對方的精神力如汪洋般浩瀚,品質也十分高,堅硬、純淨,無法動搖。
難道是自己產生了幻覺,還是法術出問題了?
索爾大祭司又使出一個一模一樣的法術。這次他注意力高度集中,咒語念得分毫不差,從釋放角度、時機、嫻熟程度來看,無疑十分完美,
司青顏打了個哈欠。
總這麽站著對峙,畫麵有些沙雕。
他神念一動,月華凝結成血色王座,彷彿某種珍貴的玉石,上麵鏤刻有許多圖騰。
“還有什麽手段,都使出來吧,我就坐在這裏不動。”司青顏傲然道。
克洛帝婭從索爾大祭司那發綠的臉上看出來司青顏的強大。她眼睛微彎,露出一個甜甜的笑。目光觸及那片驚心動魄的血色,很快沉寂下來。
索爾大祭司念出許多咒語,皆是以困、禁、封為主,其他精靈也與他一起努力著。
雖然精靈族內部有矛盾,卻還沒嚴重到下殺手的程度。這種造物一般的手段,普通精靈根本不可能做到。雖然說以多勝少有些不武,目的達到纔是最重要的。
“加把勁,我都困了。”
司青顏對這些法術並沒有太大興趣,也不抵抗。他現在滿臉傲氣,又有些漫不經心,隨便一個眼神,就能把對麵那些精靈氣得跳腳。

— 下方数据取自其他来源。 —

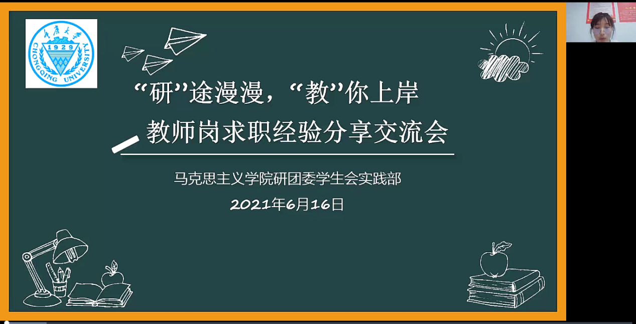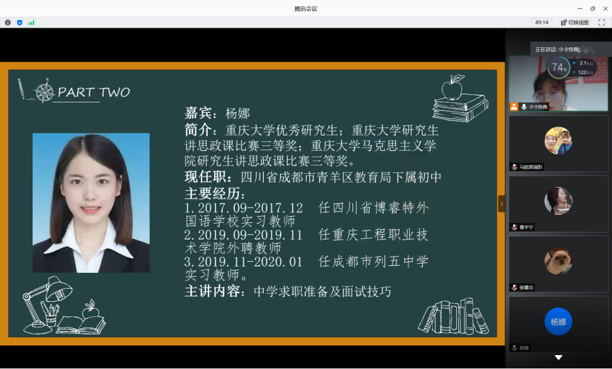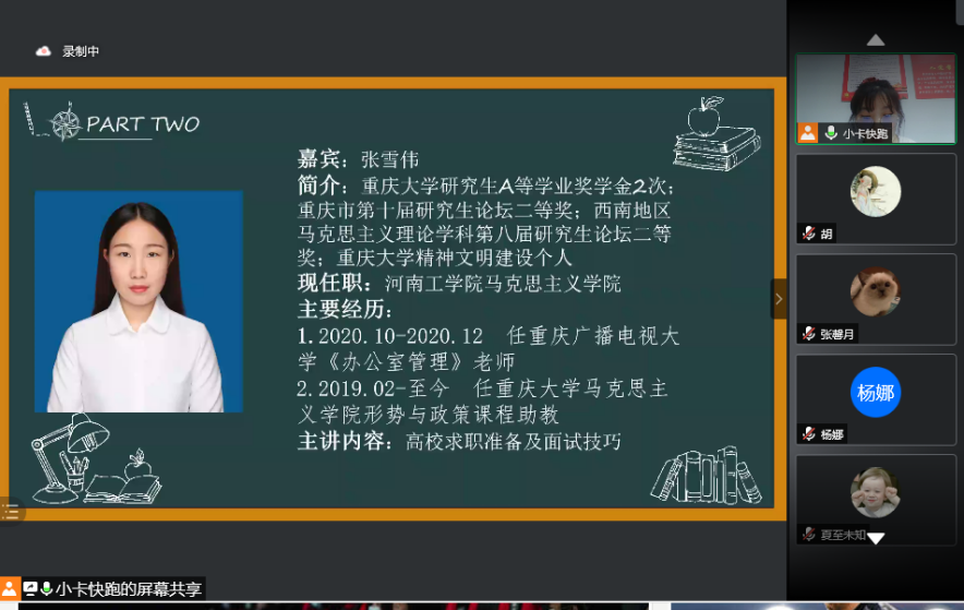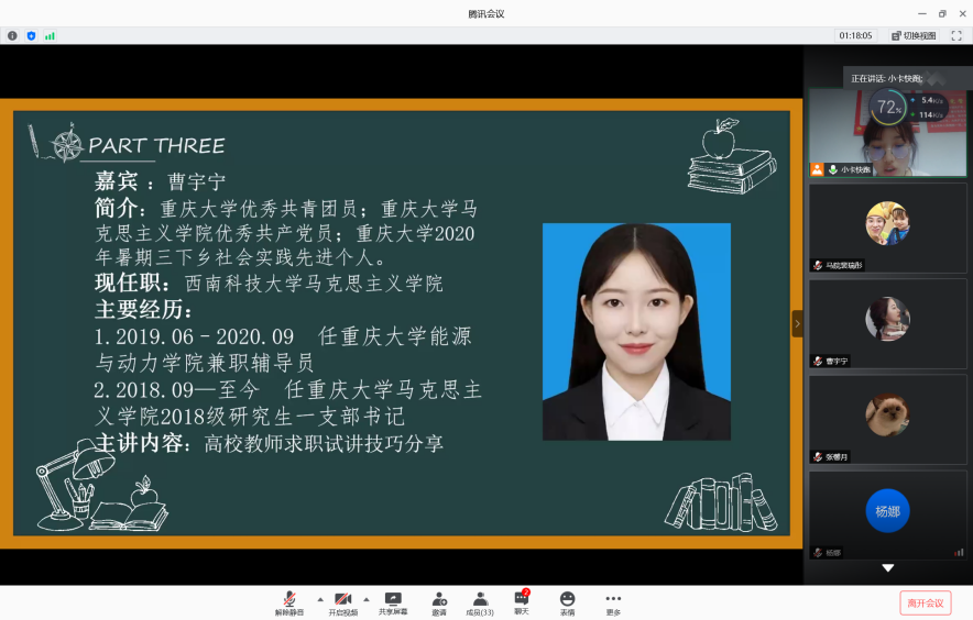 在“腾讯会议”上举行了教师岗求职经验在线分享会。本次交流会邀请了学院成功考上教师岗位的的赵兰、杨娜、曹宇宁、张雪伟4位2021届毕业研究生进行经验分享。

不管是風刃、火球、霜雪,還是利箭,在司青顏身前半米處都會消散於無形。並非是司青顏神通廣大,隻是因為他這具身體,血脈對其他精靈天生具有壓製效果,而且十分親近元素。
不管是哪個係的法術,看到司青顏都和遇到親人一樣,無法爆發出攻擊力。
元素有靈,雖然隻是本能,卻在離司青顏極近的時候解體,如迴家一樣衝向司青顏的身體,被司青顏快速煉化。
精靈們開始加大輸出力度。
司青顏怕他們跑了,就露出力有不支的表情。
我好柔弱啊。
再砸幾個法術說不定我就被製服了。
眼看勝利就在眼前,索爾大祭司一揮手,精靈們刷拉拉放法術。
克洛帝婭從一開始的害怕、驚疑、鎮定,變成現在的麻木。從哥哥身上,她感受到了一種強烈的自信。
還不夠,再來點兒。
司青顏甚至想伸個懶腰。
坐著不動就能修煉,這種感覺未免也太舒服了。
但是精靈們的動作變慢了很多。
“隻有這種程度,你們沒吃飯嗎?”
司青顏冷哼一聲,神態傲慢。
種種法術用出去,對精靈們來說也消耗頗大。
然而那個血色王座上的年輕精靈,似乎並沒有被禁錮。
“……”
場麵一度十分尷尬。
不知何時,葬歌結束。
銀月之森一片寂靜,索爾大祭司以及他身邊那些精靈也停手了。
因為四周出現了無數精靈。
他們圍攏而來,悲傷中夾雜著驚異。
血色月華傾瀉而下的畫麵過於壯觀,而且是在生命之樹這麽重要的位置。
索爾大祭司以及他那一係的精靈失蹤,讓其他精靈起了疑心。
沒想到會出現這樣一副畫麵。
月華凝成血色王座,其上坐著一個少年精靈,與精靈女皇容貌有幾分肖似。克洛帝婭正坐在他膝上,姿態依賴。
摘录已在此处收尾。